• SOURCE RECORDS:

· · ·

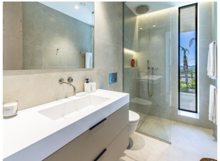
Bathroom with daylight
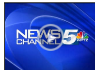
2011: Year Of The Storms
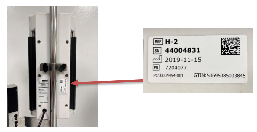
Figure 1: Location of Serial Number on H-2 Pressure Chamber
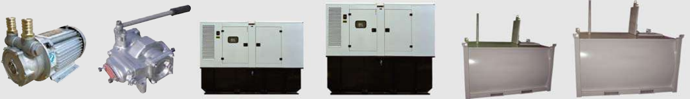
Auto filling fuel pump
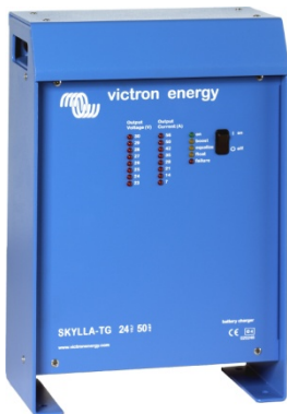
Skylla Charger 24 V 50 A
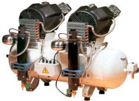
Output Air Flow x2
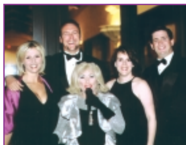
"Joan Rivers" welcomed guests.
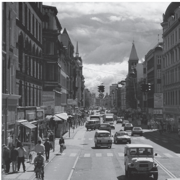
Fig. 3. Nørrebrogade Street in Copenhagen, 1989.

In the 1950s, Copenhagen witnessed the automobile revolution. However, it was not as intensive as in other
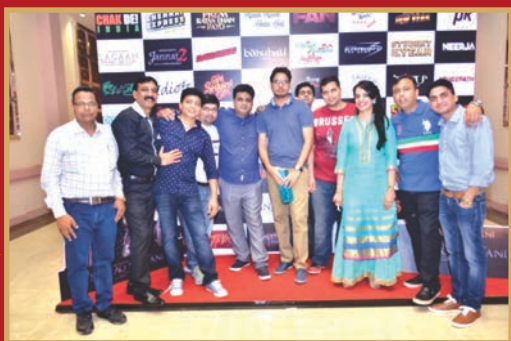
F-M Finance team at Family Day Event

· · ·

• WORK INSTRUCTIONS:
The material above is to be transcribed exactly, with all pictures omitted.

• FINAL ANSWER:
Bathroom with daylight
2011: Year Of The Storms
Figure 1: Location of Serial Number on H-2 Pressure Chamber
Auto filling fuel pump
Skylla Charger 24 V 50 A
Output Air Flow x2
"Joan Rivers" welcomed guests.
Fig. 3. Nørrebrogade Street in Copenhagen, 1989.

In the 1950s, Copenhagen witnessed the automobile revolution. However, it was not as intensive as in other
F-M Finance team at Family Day Event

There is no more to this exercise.